Each time Ilna’s arms hitched her up another level, her body swung against the column. Still, she wasn’t deliberately touching the fluted marble.
Curves projecting from the column head gave Ilna somewhere to set her feet though they were too smooth to have held the rope. She laid her left arm flat along the vault’s lowest rib, gripping as well as she could, and motioned Alecto to follow. The girl did, scrambling like a cat up a fir tree.
It would’ve been safer for Ilna to loop the cord around a second knob to spread Alecto’s weight, but she decided against doing that. As soon as the wild girl saw the cord twitch upward the necessary foot or so, she’d have assumed that Ilna planned to abandon her to the incoming worshippers. She’d have come up in a flying leap that might well have sheared the stone when a more cautious approach did not.
Ilna smiled sourly. Leaving Alecto on the ground would surely lead to Ilna’s own discovery as well as being a wholly pointless bit of spite. She’d seen before that what people feared in others generally showed how they’d choose to behave themselves.
Alecto reached the head of the column and braced herself from the side opposite to Ilna. There was at least a chance that anyone glancing upward would mistake them for a pair of statues; though the better hope—and the likelier one—was that nobody would bother to look.
Alecto glanced at Ilna, then took the dagger into her free right hand. The hard set of her mouth didn’t change.
Ilna flipped the cord up to her hand, then cleared the noose with a twist that made Alecto’s eyes widen. The wild girl had used ropes and snares, that was evident; but she’d never seen anyone use them with Ilna’s ease and skill.

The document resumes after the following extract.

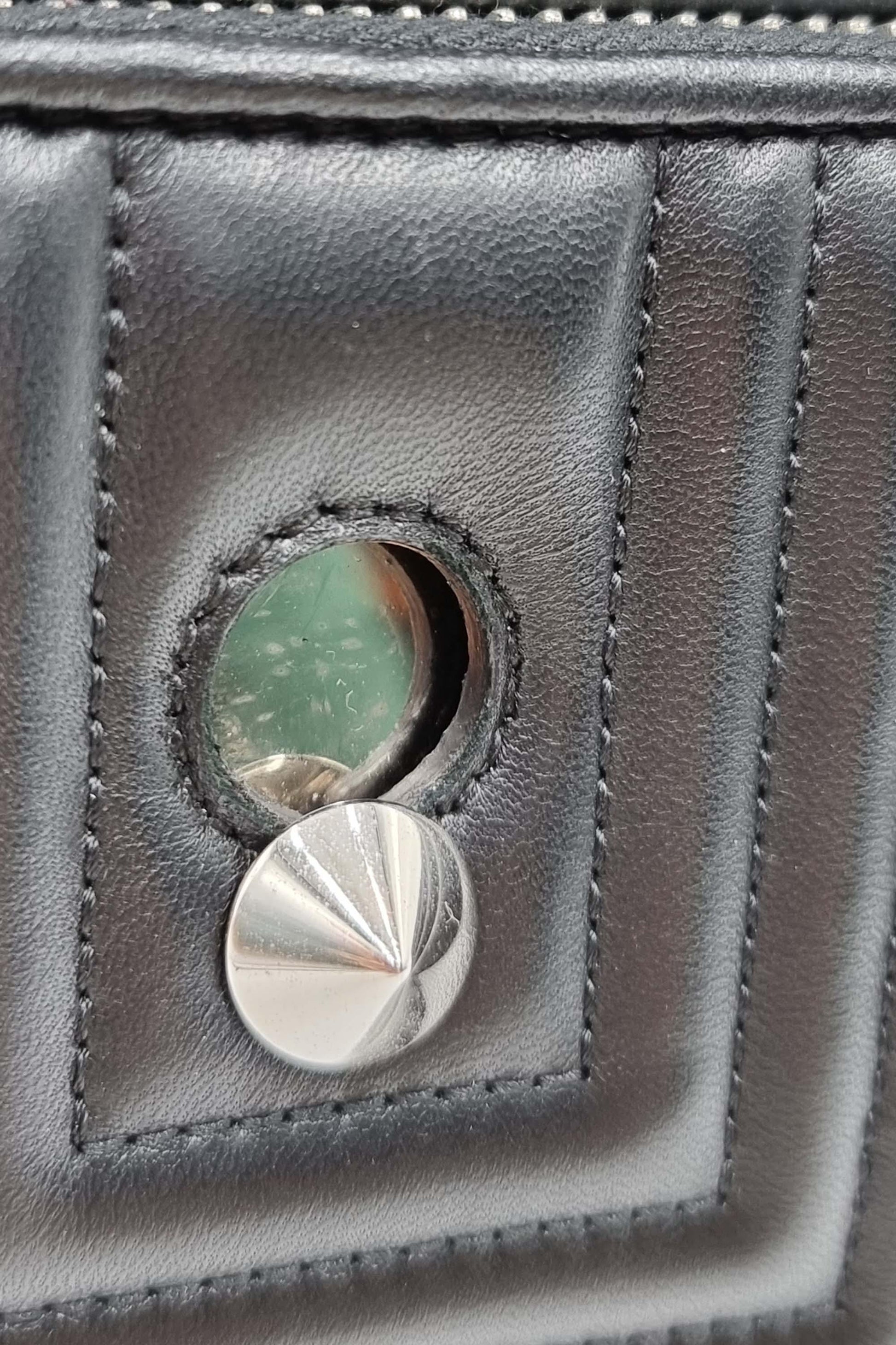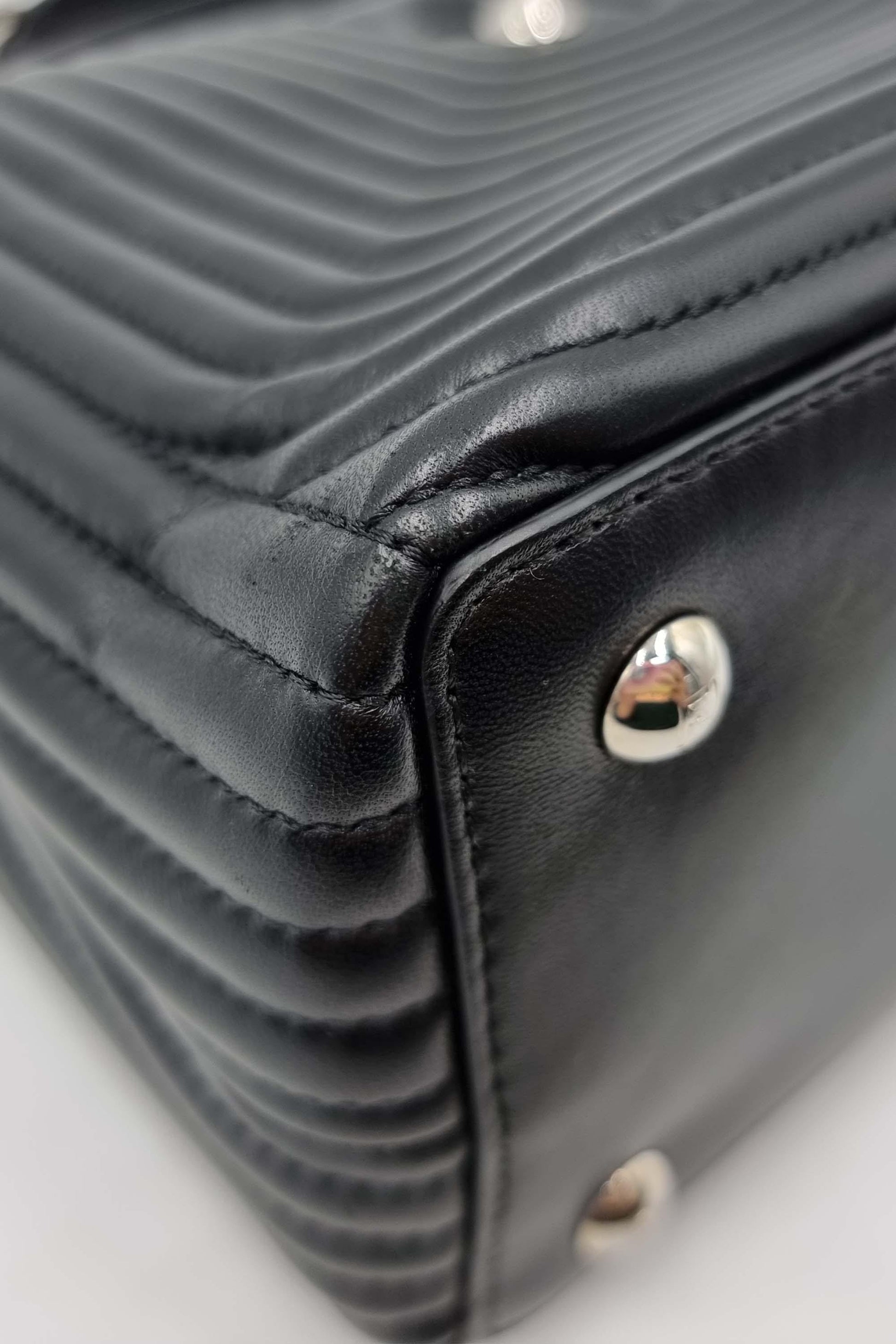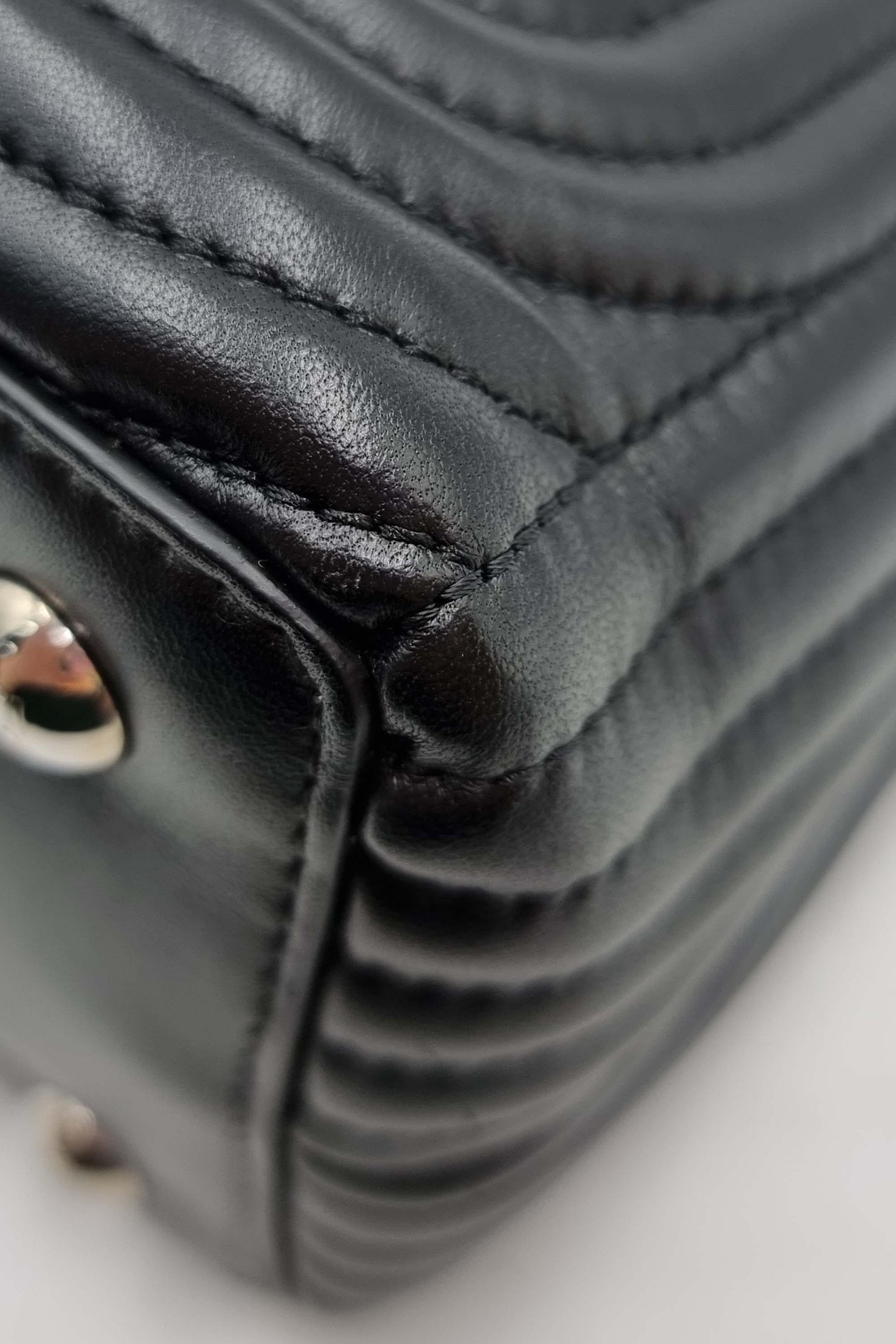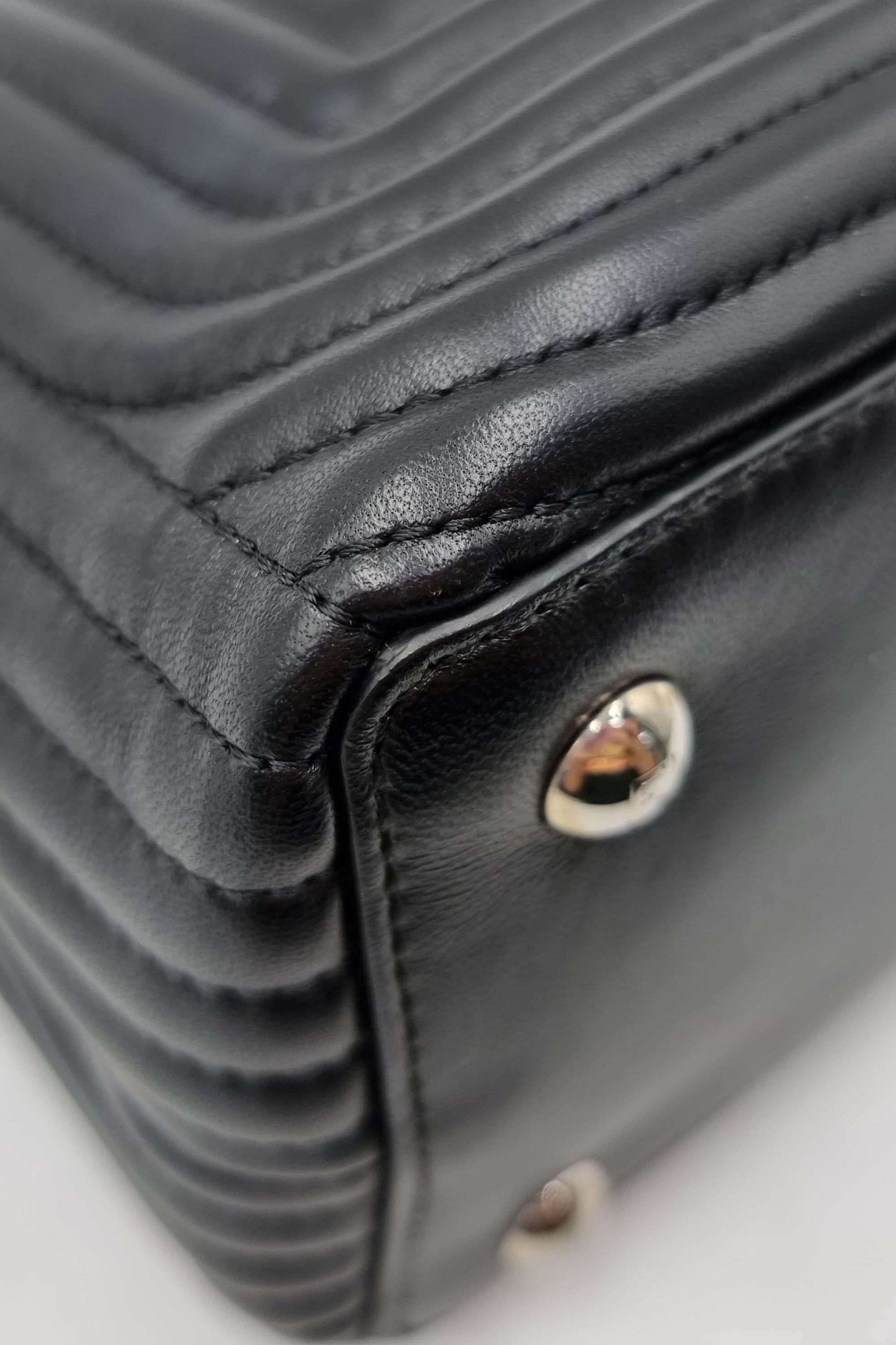DELICATE Treat it gently and with extra care. This black nappa leather small 'Dotcom Click' tote from Fendi features a front centre logo stamp, a quilted effect, a detachable shoulder strap, a top zip fastening, two compartments divided by a partition with zip at the top and a black detachable pouch which attaches to the zipped front compartment with a conical stud. The size guide is approximate and may vary.

Acknowledging the unspoken praise with a slight smile, Ilna tossed the cord into a loop around the pillar, Alecto, and finally herself. The noose itself had been the only weight for the free end. Ilna tugged the cord tight, but instead of tying the loop, she kept the bight in her hands so that she could release it instantly at need.
Close up, Alecto had a strong animal odor compounded of fur and leather garments and her own intense femaleness. Ilna disliked it, but feeling dislike wasn’t a new experience for her.
The inner door opened. The worshippers, led by a phalanx of priests in black-and-white robes, entered the cavity of the temple. Their hymn had the rhythms Ilna remembered from Tenoctris’ incantations; and also during those of wizards she trusted far less than she did Tenoctris.
Ilna’s eyes narrowed as she realized for the first time that there was no statue of the Lady in the great room. Was this a temple after all?
As best Ilna could tell looking down from her perch, the priests, like the worshippers following them, were a mix of men and women in roughly equal numbers. They continued to sing as they filled the room. Two of the leaders carried covered wicker baskets.
The priests took their places around the margin of the reflecting pool, the white slashes of their robes showing up in the dim light like a row of slanting pickets. The laymen moved with solemnity but not precision to stand outside the ring of priests. They’d done this before, but they weren’t a military unit marching in formation.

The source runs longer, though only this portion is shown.